Now, before all of the hardcore Westside "disciples" start grumbling, remember that this program is not intended for advanced powerlifters. It's intended for athletes and regular people looking to pack on some muscle mass without being "all-show, no-go."
Below I've provided descriptions of how the key components of this program have been manipulated from the traditional Westside template.
Max Effort Upper Body Day - The max effort method is the best method for developing maximal strength. In my opinion, max effort work should be the "nuts and bolts" of any strength-training program. If you're weak, you're dead!
Remember that most athletic qualities (sprinting speed, jumping power, etc.) rely heavily on your foundation of maximal strength. This is because maximal strength builds the foundation for all other strength qualities such as speed-strength and strength-endurance.
Your first exercise on this day will be your max-effort exercise. Traditionally, most advanced lifters will work up to a one-rep max on this exercise. This is very neurologically demanding on your system and it takes great coordination. Because most beginner and intermediate lifters are less neurologically efficient, we'll shoot for a 3-5 rep max on our max-effort lift in this modified program. This still enables the lifter to train with maximal loads, but it's much safer than going for a one-rep max. The extra reps also increase the time under tension, which can lead to greater hypertrophy (size) gains.
I recommend rotating your max-effort exercise every two to three weeks to prevent your nervous system from getting burned out.
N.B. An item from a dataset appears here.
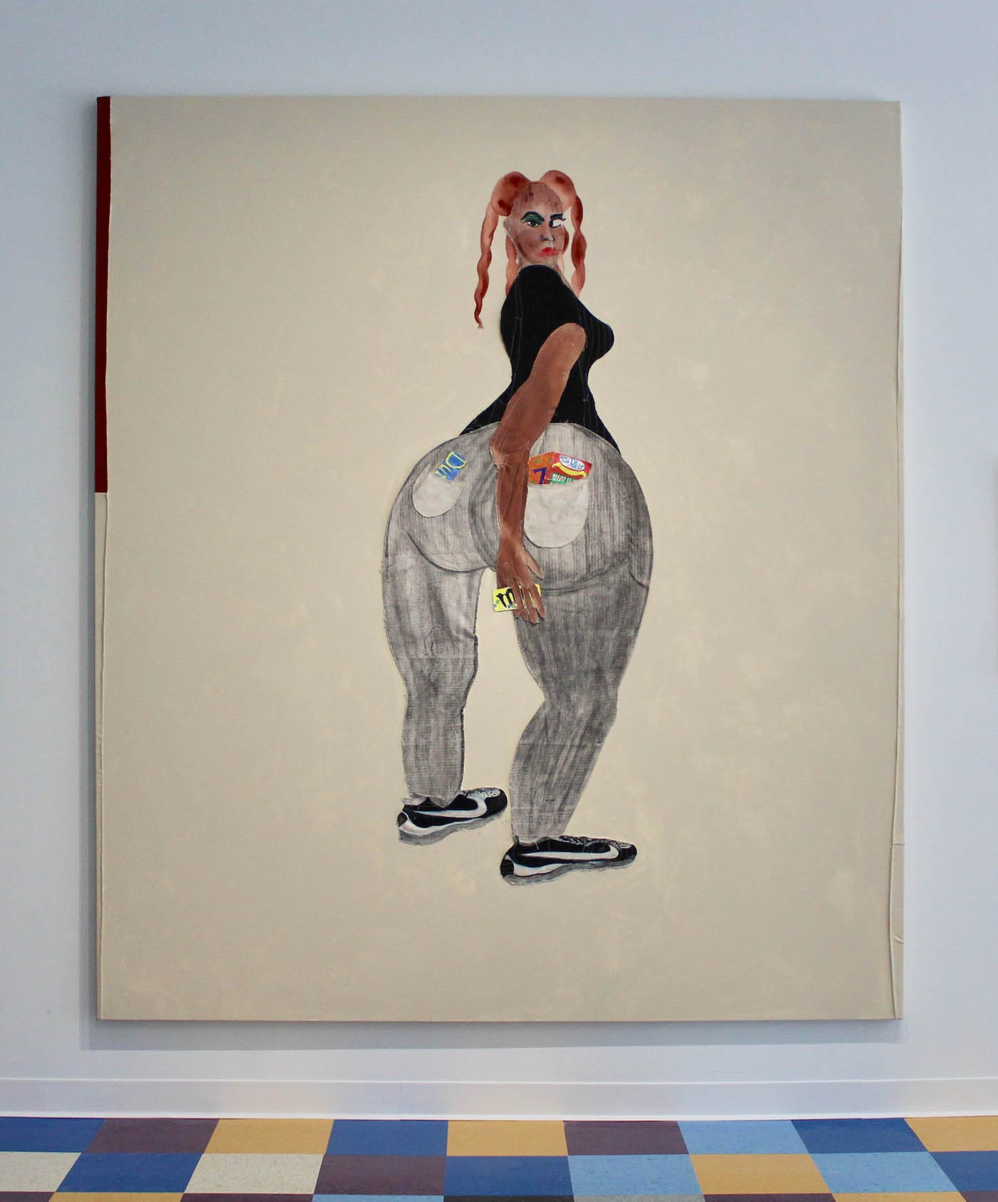 Tschabalala Self: Sour Patch, installation view (photo by the author for Hyperallergic, photo courtesy the artist and Thierry Goldberg gallery)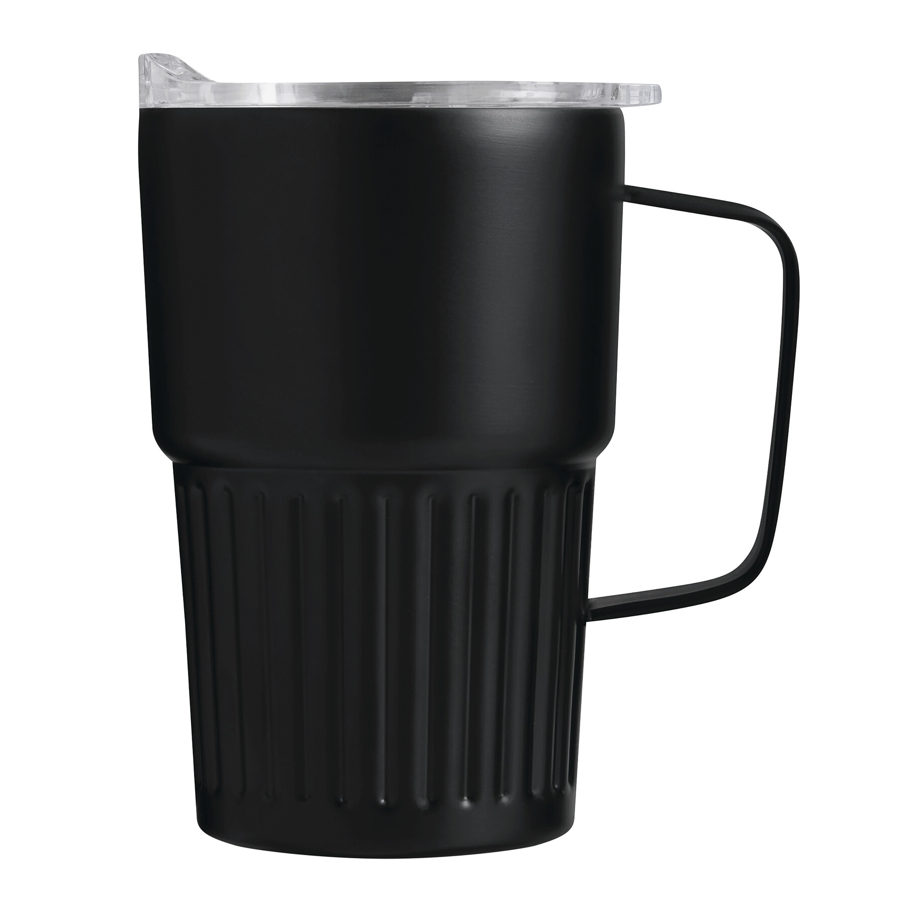 Vakuum-Isolierbecher WAVE HOLD, doppelwandig: innen aus recyceltem Edelstahl und außen aus Edelstahl, mit praktischem Griff, transparenter Kunststoff-Deckel mit Silikon-Dichtring und integrierter Trinköffnung zum Aufschieben, Füllmenge ca. 450 ml, hält ca. 4 Stunden warm und bis zu 8 Stunden kalt, in Box

Whether you shoot for a 3-rep max or a 5-rep max, the goal is to break your previous record every week!
Lower Body Day - Unlike a traditional Westside template, you'll notice there's only one major lower body day in this modified program. There's a reason for this: most beginner/intermediate athletes couldn't recover from two lower body days a week in conjunction with their running and conditioning work. Their legs would never fully recover and it would take away from their speed and conditioning workouts. One day has worked out much better for many of my athletes.
(If you're not an athlete or you only play one sport and it's your off-season, check out the "Extra Workouts, GPP, Conditioning Days" description below for adding another day to your lower body training.)
The first exercise on your lower body day will be a max effort lift. You'll work up to a max set of five reps in this lift. This lift will be rotated every two to three weeks as well.
On this modified program you'll always follow your max effort exercise with a unilateral exercise. This is one of the major differences between this program and a traditional Westside template.
I incorporate unilateral movements for many reasons. First of all, most athletes develop muscular imbalances between limbs. Unilateral exercises are a great way to overcome these imbalances. They also improve flexibility, balance and overall conditioning.
The unilateral exercises I prescribe are mostly quad-dominant exercises. Yes, I said the four-letter word, quad. The quads have gotten a bad rap lately, while the "posterior chain" has taken center stage. We must remember that the quads are extremely important for athletes and you can't neglect them. The quads are very active when an athlete accelerates into a sprint due to their forward body lean. The quad muscle on the inside of your knee (vastus medialis) also plays a major role in stabilizing the knee.
Finally, one of the most overlooked aspects in all of training is grip and hand strength. Improving your grip and hand strength will help with numerous athletic activities. We usually do our grip training after leg workouts. You'll see some of my favorite grip exercises in the training template.
Repetition Upper Body Day - I've substituted dynamic-effort days with repetition days for the upper body. This may be the biggest change from the traditional Westside template. I've also found it to be one of the keys to success for muscular growth in my younger athletes. Simply put, dynamic days just aren't that productive for weak, skinny bastards!
Remember that this modified program was put together for athletes who lack muscle mass. Well, the repetition method is an incredible way to elicit muscular hypertrophy. Compared to a smaller muscle, a bigger muscle has a better chance of becoming a stronger muscle. Packing on some muscle mass by means of the repetition method lays a great foundation for the more advanced dynamic days to come.
I even substitute dynamic days with repetition days for my NFL football players during the initial stages of the off-season. This is because repetition work is easier on the joints following a grueling season and it's a great way to pack on any muscle that was lost during the season.
Extra Workouts, GPP, Conditioning Days - Remember that my entire clientele consists of athletes. That's the reason why there's "only" three lifting days on my template. I don't use this program for bodybuilders or physique-geeks. I must leave room for conditioning workouts, GPP (general physical preparedness) and skill training.
If you're a non-athlete just looking to pack on some size and strength, you can incorporate "extra workouts" on non-workout days. Since Wednesday is your only leg day, I recommend a lower body sled-dragging workout on Saturday. This is just one example.
There's a lot of room for variety in this training template. That's what I love about it. Get creative and find out what works for you!